The material to be processed by the processing unit 16 is moved by the impeller 20 toward an outlet (not shown) when the impeller assembly 18 is rotated by the drive unit 12 through the bearing unit 14. The circumferential side face 22 of the impeller 20 is separated from stationary walls 28 of the processing unit 16 by a clearance space 30. The clearance space 30 permits the impeller 20 to rotate freely inside the processing unit 16 when the impeller assembly 18 is rotated by the driving force transmitted by the bearing unit 14 from the drive unit 12. A perforated screen 32 surrounds the impeller assembly 18 and serves as a filter to limit the size of material passing from the processing unit 14 toward the outlet.

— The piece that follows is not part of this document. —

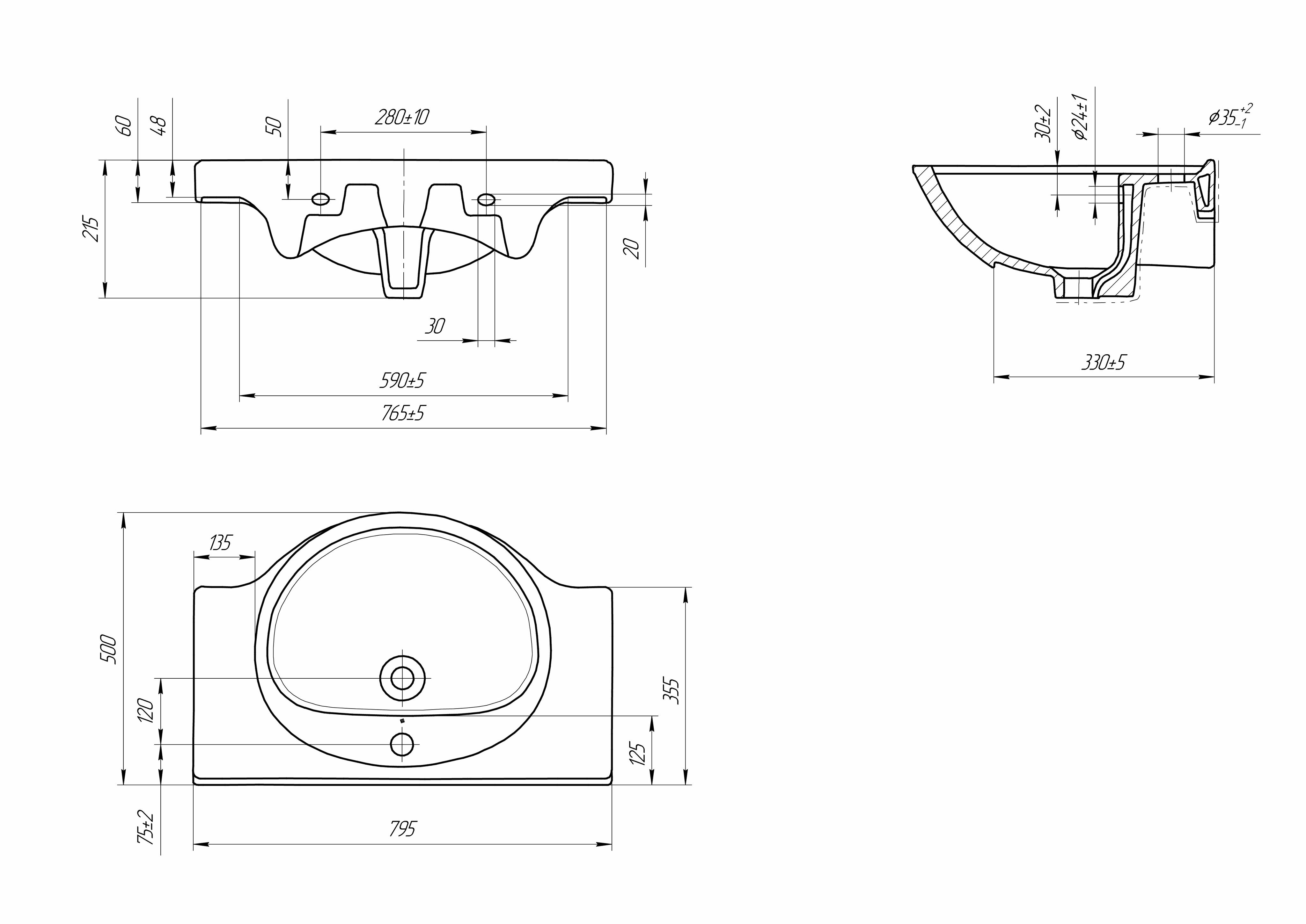 | Расположение отверстия под смеситель | в центре |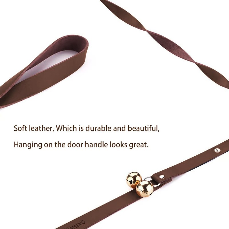 - If you do not want to install a dog door on your own door, this puppy bell will be a good choice, it is easy to use, just hang on the doorknob to start interaction with your puppy. Beautiful leather and bell can also serve as a nice decoration, if hanging the bell on the door handle causes inconvenience, you can buy our hook - B08RY66WD2, stick it in a suitable location to hang the bell.

In the known impeller assemblies, as shown in FIG. 1, the impeller 20 has a smooth circumferential side face 22. It has been found that the impeller assembly in such processing devices tends to jam or bind up on the material being processed, in particular plastic and elastic materials, and, therefore, overloads the drive unit. The processing device has to be cleaned often and the impeller assembly removed to correct the jamming condition.

Accordingly, there is a need for an impeller assembly that prevents material from lodging in the clearance space between the impeller and the stationary wall around it.

These and other objects of the present invention may be achieved by an improved impeller assembly for a material processing device. The processing device may have a material receiving area and an outlet for discharge of the material after processing. The impeller assembly is structured and arranged in the processing device so as to be rotatable therein by driving means, the impeller assembly moving the material from the receiving area toward the outlet when the impeller assembly is rotated.

The impeller assembly includes connecting means for being connected with the driving means for rotating the impeller assembly in the processing device; and an impeller member attached for rotation with the connecting means so as to cause the material to move from the receiving area toward the outlet when the impeller assembly is rotated by the driving means. The impeller member being generally circular in shape and having a circumferential face extending between a top and a bottom face of the impeller member, the circumferential face is spaced away from inner circumferential walls of the processing device so as to define a clearance space therebetween. A spiral groove is formed on the circumferential face of the impeller member for guiding material in the clearance space out of the clearance space when the impeller member is rotated.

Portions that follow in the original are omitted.